- Assigned task -
Copy exactly, and only, the lines from the one with "如果一个基金产生了溢价,但没" to the end of the listing; omit pictures.

- Data block -
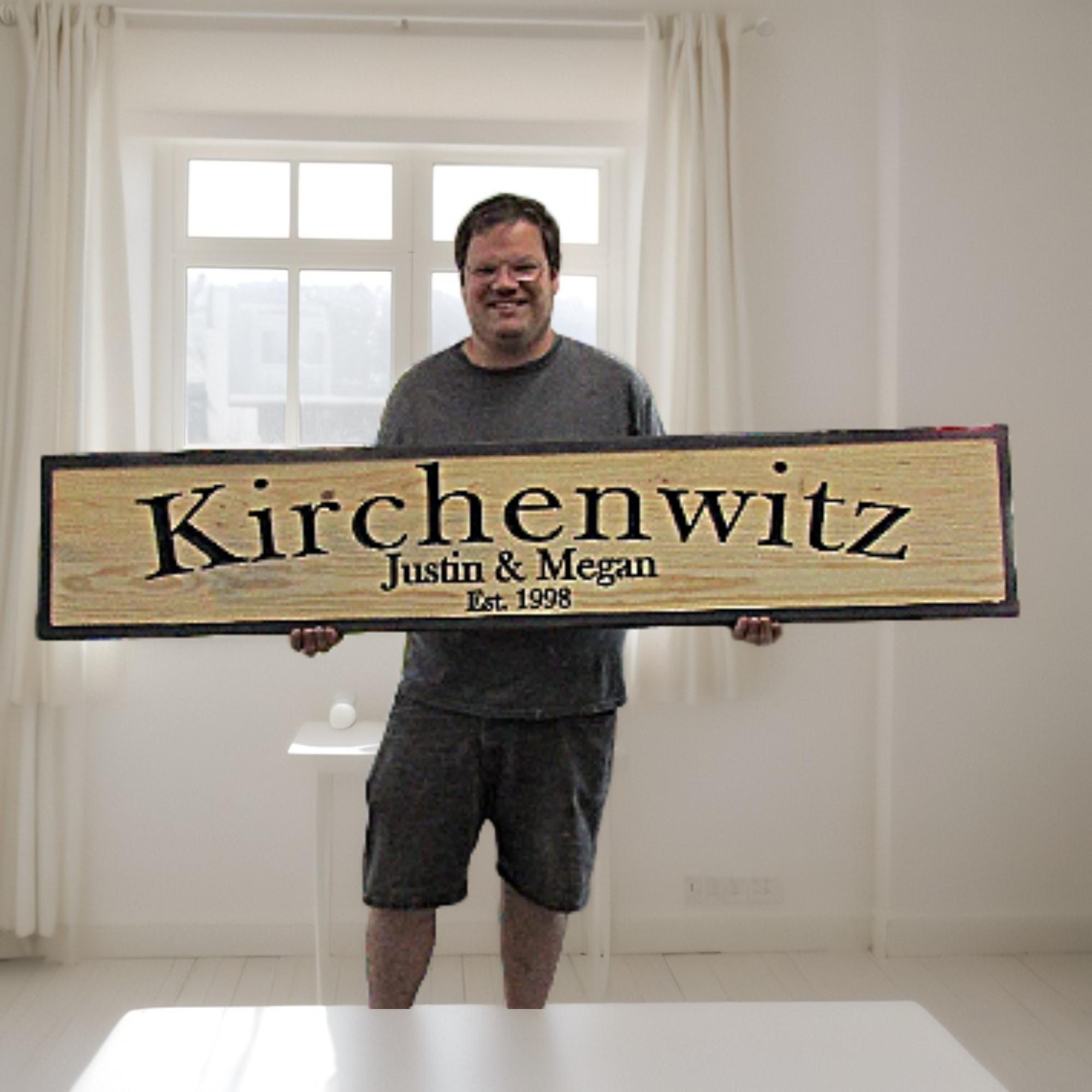 Engraved Family Name Sign – Large Custom Wood Last Name Plaque with Established Date – Rustic Personalized Wall Decor for Home or Wedding Gift
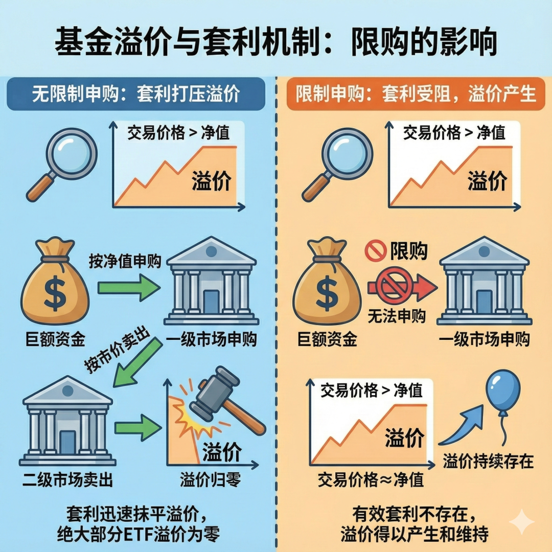如果一个基金产生了溢价,但没有限制申购,那就会有巨额资金去申购新的份额,然后直接在二级市场卖出,从而把溢价迅速打下来。
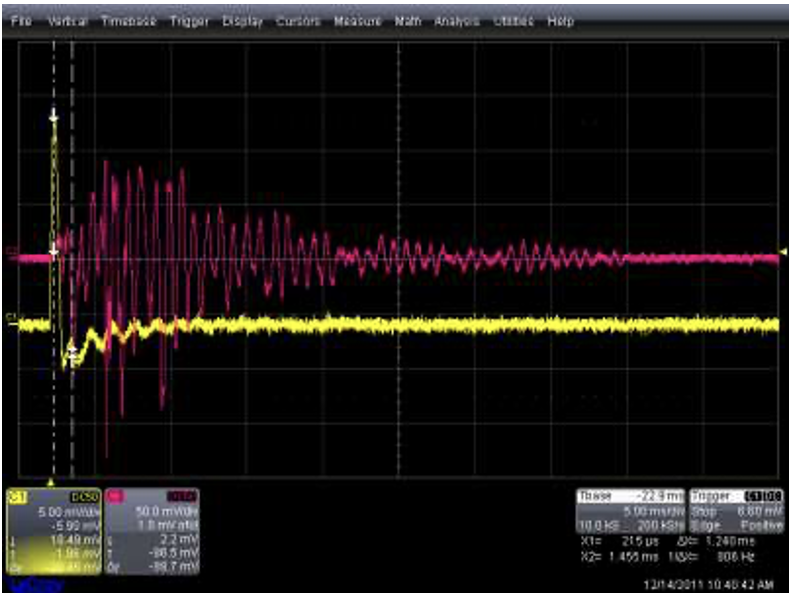 Канал 2 показывает выходной сигнал другого датчика (акселерометра), расположенного примерно в 1 м от исходной точки удара. В этой точке исходный короткий, резкий импульс был преобразован в звон с меньшей амплитудой, но гораздо более продолжительный. Используя только визуальные инструменты, инженер может разместить курсоры на двух формах сигнала, чтобы измерить задержку времени между исходным ударом и первым существенным пиком переданного звона.
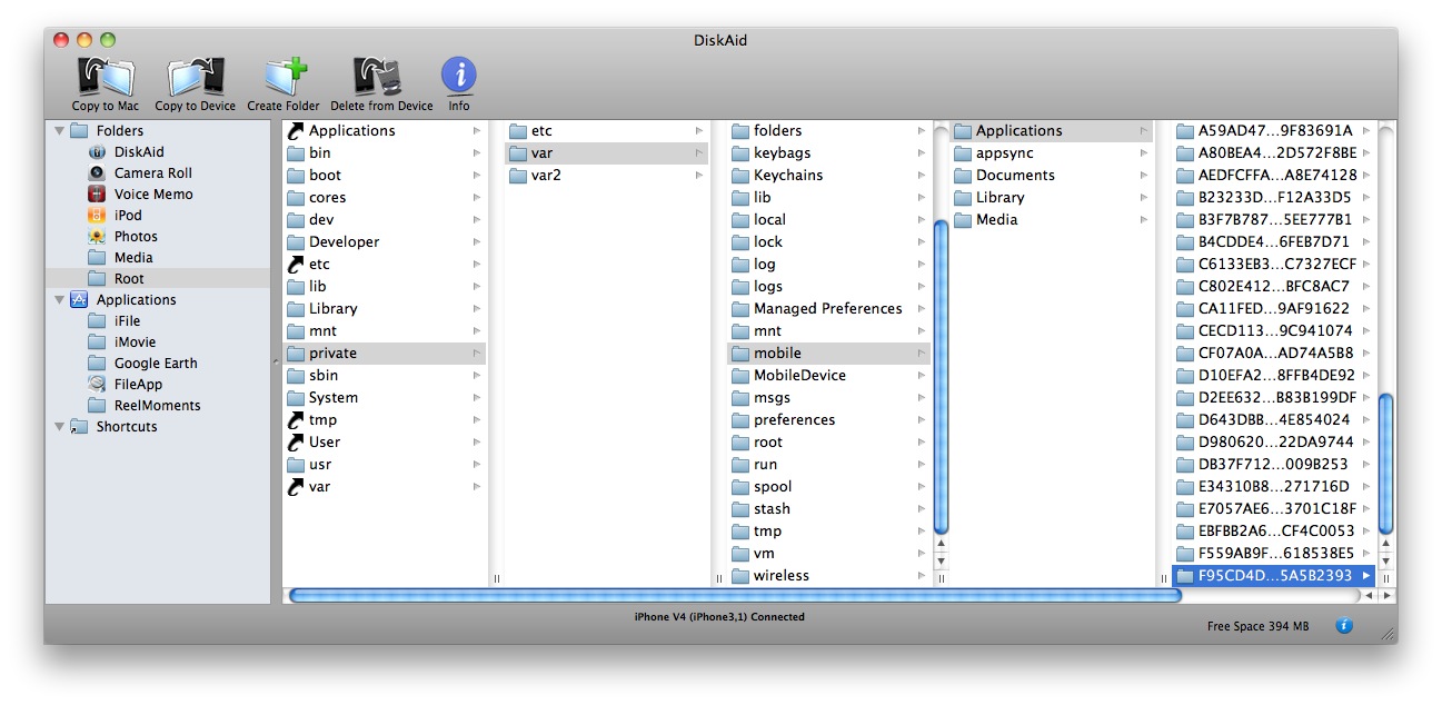 Dopo aver creato la suoneria, non dobbiamo far altro che copiarla nella cartella dell’applicazione, ed è questa forse la fase più “noiosa”. In effetti non è nulla di estremamente complicato, l’unica cosa che vi farà perdere tempo è trovare la cartella nella quale è stata installata l’applicazione: a differenza delle applicazioni native, tutte le applicazioni di terze parti installate da iTunes si trovano nel percorso /private/var/mobile/applications, suddivise in cartelle con dei nomi codificati e del tutto non riconoscibili.

- Exercise solution -
如果一个基金产生了溢价,但没有限制申购,那就会有巨额资金去申购新的份额,然后直接在二级市场卖出,从而把溢价迅速打下来。
 Канал 2 показывает выходной сигнал другого датчика (акселерометра), расположенного примерно в 1 м от исходной точки удара. В этой точке исходный короткий, резкий импульс был преобразован в звон с меньшей амплитудой, но гораздо более продолжительный. Используя только визуальные инструменты, инженер может разместить курсоры на двух формах сигнала, чтобы измерить задержку времени между исходным ударом и первым существенным пиком переданного звона.
 Dopo aver creato la suoneria, non dobbiamo far altro che copiarla nella cartella dell’applicazione, ed è questa forse la fase più “noiosa”. In effetti non è nulla di estremamente complicato, l’unica cosa che vi farà perdere tempo è trovare la cartella nella quale è stata installata l’applicazione: a differenza delle applicazioni native, tutte le applicazioni di terze parti installate da iTunes si trovano nel percorso /private/var/mobile/applications, suddivise in cartelle con dei nomi codificati e del tutto non riconoscibili.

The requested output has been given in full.